Text-to-image models train more efficiently when prompts are sampled according to the variance of rewards across their generated images.

A machine-rendered reading of the paper's core claim, the machinery that carries it, and where it could break.

The paper introduces Curriculum Group Policy Optimization to address inefficient uniform sampling in reinforcement learning for text-to-image models. It treats the variance of reward scores across multiple images produced from one prompt as a live signal of how learnable that prompt currently is. Prompts showing moderate inconsistency receive higher sampling rates because they are neither fully mastered nor impossibly hard. A separate calibration step keeps training balanced across prompt categories. The result is reported improvement on three standard generation benchmarks.

Core claim

We propose Curriculum Group Policy Optimization (CGPO), an adaptive curriculum training framework. During training, each prompt produces a group of images scored by a reward model. We use the variance of group rewards as an online proxy for prompt inconsistency. A higher variance suggests that the model has partially captured the prompt requirements but has not yet achieved stable mastery. Such prompts are more likely to provide useful learning signals, so we increase their sampling probabilities accordingly.

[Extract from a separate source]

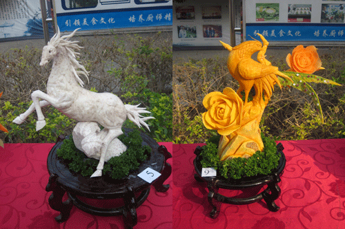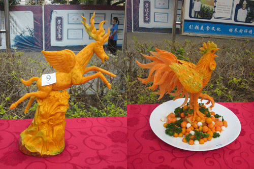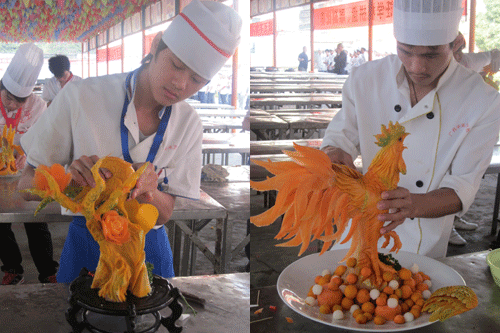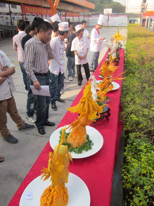 据了解,花卉雕刻也是在烹饪装饰点缀中常用的装饰方法,进行此次考核的目的是检测同学们的雕刻水平和雕刻技巧,激发同学们对雕刻艺术的兴趣,同时以考试的形式让各位同学之间互相切磋,让每位同学都能够从中吸取经验,扬长避短,进一步提高个人的雕刻技巧。

Additionally, to address data imbalance in multi-category datasets, we design a category calibration method based on proportional fairness optimization, which balances training across c

What carries the argument

Variance of group rewards from images generated by the same prompt, serving as the proxy that dynamically raises sampling probability for prompts at the model's current frontier of capability.

If this is right

  • Training compute is redirected toward prompts that still produce inconsistent but improvable outputs rather than wasting steps on already-mastered or hopeless ones.
  • Category calibration prevents easier prompt types from dominating the training distribution in mixed datasets.
  • The same variance signal can be computed on top of existing Group Relative Policy Optimization without changing the underlying reward model or policy update rule.
  • Final generation quality rises on composition, attribute, and prompt-following benchmarks because learning signals are more consistently informative.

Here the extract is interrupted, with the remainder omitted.